All of our digital behavior is recorded. But for many companies, this data sits in pretty dashboards and or even worse, databases, never to be used. The good news is that instead of letting your data degrade, you can use it for your business’ growth strategy to make better decisions.
What is Data-Driven Decision-Making?
Instead of going with the decision you think is best, data-driven decision-making is a strategy that uses data to inform business decisions. In data-driven decision-making, you group together historical information to analyze trends and make decisions for the future based on what’s worked in the past – rather than make decisions based on gut feelings, opinion or even experience.
“Best-in-class” companies position data at the core of every decision they make.
For example, imagine you want to roll out a new line of services for your MSP. Instead of starting from scratch and hoping a new line of service works, take a look at your previous lines of service. What’s profitable? Replicate it.
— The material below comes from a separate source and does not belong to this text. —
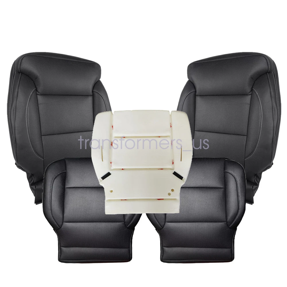 For 2014-2019 Chevy Silverado LTZ Front Leather Seat Cover Black / Foam Cushion 20 14-2019 For Chevy Silverado/GMC Sierra 1500, 2500HD, 3500HD, LT, LS, LTZ, Z71 Hybrid Front Driver / Passenger Bottom / Top Leather Seat Cover Black Note: Seat Cover Color is Jet Black Microfiber Leather Perforated With White Stitching On Side Description: Type: Driver / Passenger Bottom / Top Replacement Seat Cover Black / Foam Side: Driver / Passenger Side Seat Cover Color: Jet Black - 's Exact Color Match Interior Trim Code: H2U, H1Y or H3B or 4AA (Codes on Sticker Inside Glove Box) Material: Microfiber Leather & High Density Foam Make: Chevy/GMC Model: Sil verado LT, LS, LTZ, Z71, Hybrid / Sierra SLT, SLE, Z71 Fit Years : 2014 2015 2016 2017 2018 2019 This item is a new Custom-made, replacement in " Jet Black " C olor for: 2014-2018 GMC Sierra 1500 SLT, SLE, Z71, Hybrid (Single-Cab, Extended-Cab, Crew-Cab) 2015-2019 GMC Sierra 2500HD SLT, SLE, Z71 (Single-Cab, Extended-Cab, Crew-Cab) 2015-2019 GMC Sierra 3500HD SLT, SLE, Z71 (Single-Cab, Extended-Cab, Crew-Cab) 2015-2019 Chevrolet Tahoe LT, LS, LTZ, Z71, Midnight Ed, Premier, Sport, PPV, SSV, 2WD, 4X4 2015-2019 Chevrolet Suburban LT, LS, LTZ, Z71, Premier, Sport, HD, 2WD, 4X4 2014-2018 Chevrolet Silverado 1500 LT, LS, LTZ, Z71, Hybrid (Single-Cab, Extended-Cab, Crew-Cab) 2015-2019 Chevrolet Silverado 2500HD LT, LS, LTZ, Z71 (Single-Cab, Extended-Cab, Crew-Cab) 2015-2019 Chevrolet Silverado 3500HD LT, LS, LTZ, Z71 (Single-Cab, Extended-Cab, Crew-Cab) 2015 - 2019 GMC Yukon Denali 2015 - 2019 GMC Yukon 1500 XL Denali Heated Seats: Fits Heated Seats and Non Heated Seats Power Seats: Fits Power Seats and Non Power Seats Vehicles Seat Cover's Attached Padding: ½ Inch attached foam padding Warranty: 5 Year Seat Cover Type: Factory's Seat Cover's Replacement-NOT a pull Over, you'll take off the old cover, and install the new cover Package Including: Choose your pieces If you do not know how to install, please contact us , We can provide video installation instructions Tips: This Driver / Passenger Bottom / Top Replacement seat cover, built to factory specs with Quality Microfiber Leather to match the Interior of your vehicle! Our product is exactly the same as your existing cover and guaranteed to fit perfectly on your seat foam Pad. Any wrinkles seen in the pictures is from being in a box and guaranteed to disappear once installed Correctly. Please note this item is a replacement, not a slip on or pull over. Please Note: Actual Replacement Cover. NOT A SLIP ON or PULLOVER. You will remove the old cover & then install the New Cover. Communication is the best way to solve the problem. If you have any problems after purchasing, please contact us in time, before opening return or case. General Policies : Dear customer,if you have any questions,you can contact us,we will provide the best service for you. Shipping policy : The item will be shipped within 24 hours on payment received except the holidays.(except weekends & official holidays). You can log on to eBay to check your logistics tracking number. Please confirm address before purchase, and cannot change address once purchased. If you need to receive the item quickly, please contact us, you can pay the postage to choose other logistics. Payment: Please purchase and pay for the item through the eBay,only accpected the paypal payment. Returns: Please contact us first when return, exchange and refund is required. Any direct return of purchased items will not be processed. Item must be returned in new condition, as received with all accompanied accessories and literature, including the factory carton. Shipping, handling is not refundable unless item is returned because of defect. If the product is defective or damage upon arrival,please contact us immediately,we will provide the solve the problem. Returns accepted within 30 days of delivery date and item must be in new condition. About us: Our goal is complete customer satisfaction. We will be very honored to provide you with quality service. If there is an issue with shipping or the item you purchased please contact us via ebay message or call us before opening a case or leaving feedback.We will try our best to resolve any kind of issue. For 2014-2019 Chevy Silverado LTZ Front Leather Seat Cover Black / Foam Cushion 20 14-2019 For Chevy Silverado/GMC Sierra 1500, 2500HD, 3500HD, LT, LS, LTZ, Z71 Hybrid Front Driver / Passenger Bottom / Top Leather Seat Cover Black Note: Seat Cover Color is Jet Black Microfiber Leather Perforated With White Stitching On Side Description: Type: Driver / Passenger Bottom / Top Replacement Seat Cover Black / Foam Side: Driver / Passenger Side Seat Cover Color: Jet Black - 's Exact Color Match Interior Trim Code: H2U, H1Y or H3B or 4AA (Codes on Sticker Inside Glove Box) Material: Microfiber Leather & High Density Foam Make: Chevy/GMC Model: Sil verado LT, LS, LTZ, Z71, Hybrid / Sierra SLT, SLE, Z71 Fit Years : 2014 2015 2016 2017 2018 2019 This item is a new Custom-made, replacement in " Jet Black " C olor for: 2014-2018 GMC Sierra 1500 SLT, SLE, Z71, Hybrid (Single-Cab, Extended-Cab, Crew-Cab) 2015-2019 GMC Sierra 2500HD SLT, SLE, Z71 (Single-Cab, Extended-Cab, Crew-Cab) 2015-2019 GMC Sierra 3500HD SLT, SLE, Z71 (Single-Cab, Extended-Cab, Crew-Cab) 2015-2019 Chevrolet Tahoe LT, LS, LTZ, Z71, Midnight Ed, Premier, Sport, PPV, SSV, 2WD, 4X4 2015-2019 Chevrolet Suburban LT, LS, LTZ, Z71, Premier, Sport, HD, 2WD, 4X4 2014-2018 Chevrolet Silverado 1500 LT, LS, LTZ, Z71, Hybrid (Single-Cab, Extended-Cab, Crew-Cab) 2015-2019 Chevrolet Silverado 2500HD LT, LS, LTZ, Z71 (Single-Cab, Extended-Cab, Crew-Cab) 2015-2019 Chevrolet Silverado 3500HD LT, LS, LTZ, Z71 (Single-Cab, Extended-Cab, Crew-Cab) 2015 - 2019 GMC Yukon Denali 2015 - 2019 GMC Yukon 1500 XL Denali Heated Seats: Fits Heated Seats and Non Heated Seats Power Seats: Fits Power Seats and Non Power Seats Vehicles Seat Cover's Attached Padding: ½ Inch attached foam padding Warranty: 
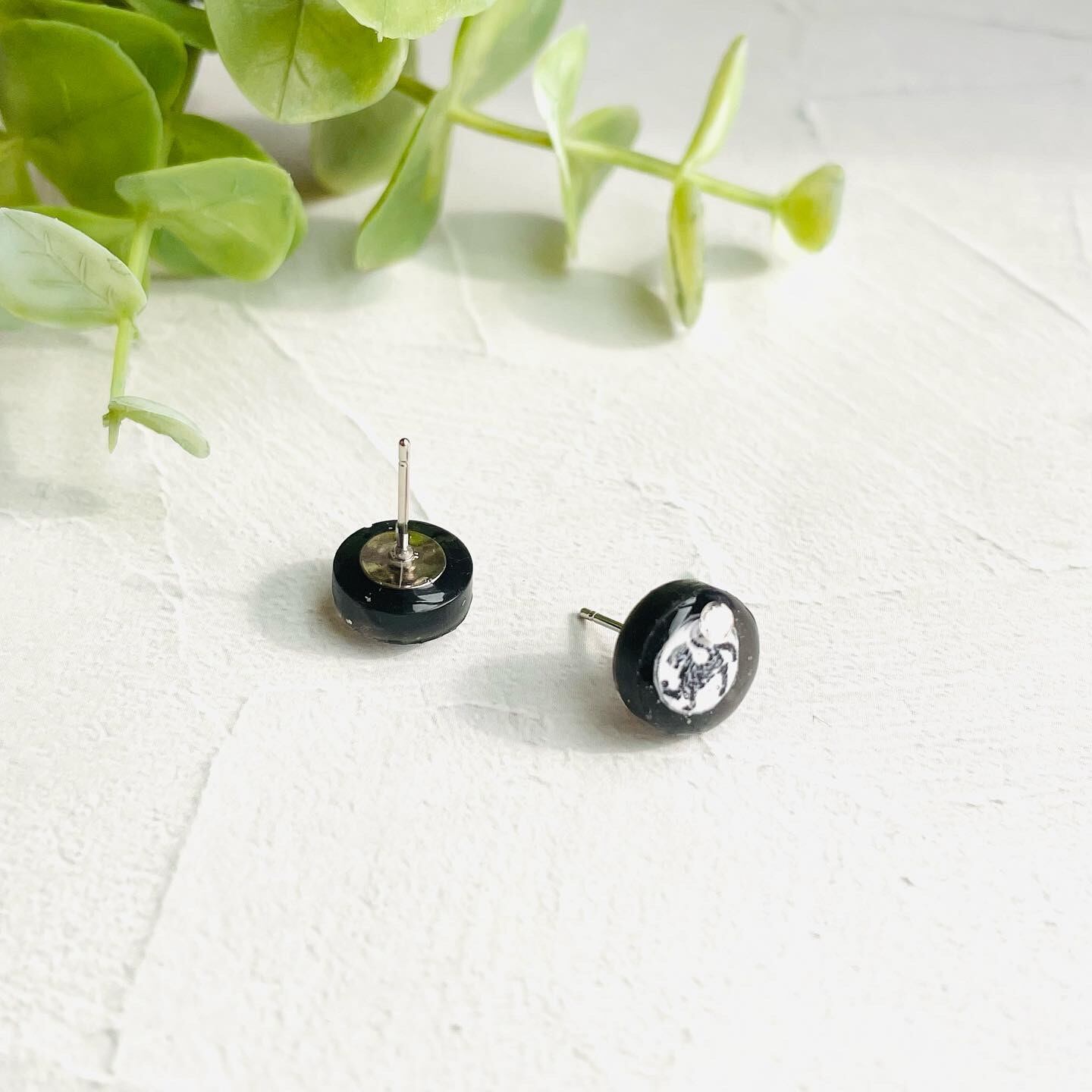 黒のレジンの上に白に黒の虎マークを乗せ、上に一粒のスワロフスキーを乗せたピアスを作りました。

Don’t offer more of something that didn’t work.
Put simply, do more of what worked and less of what may or may not work – all based on the data you have collected to make better business decisions.
Research backs this up model, too.
Businesses leveraging their data experienced a profit increase of 8–10%, and a 10% reduction in overall cost.
If you’re still not convinced, consider this:
While 91% of companies say that data-driven decision-making is important to the growth of their business, only 57% of companies said that they base their business decisions on their data.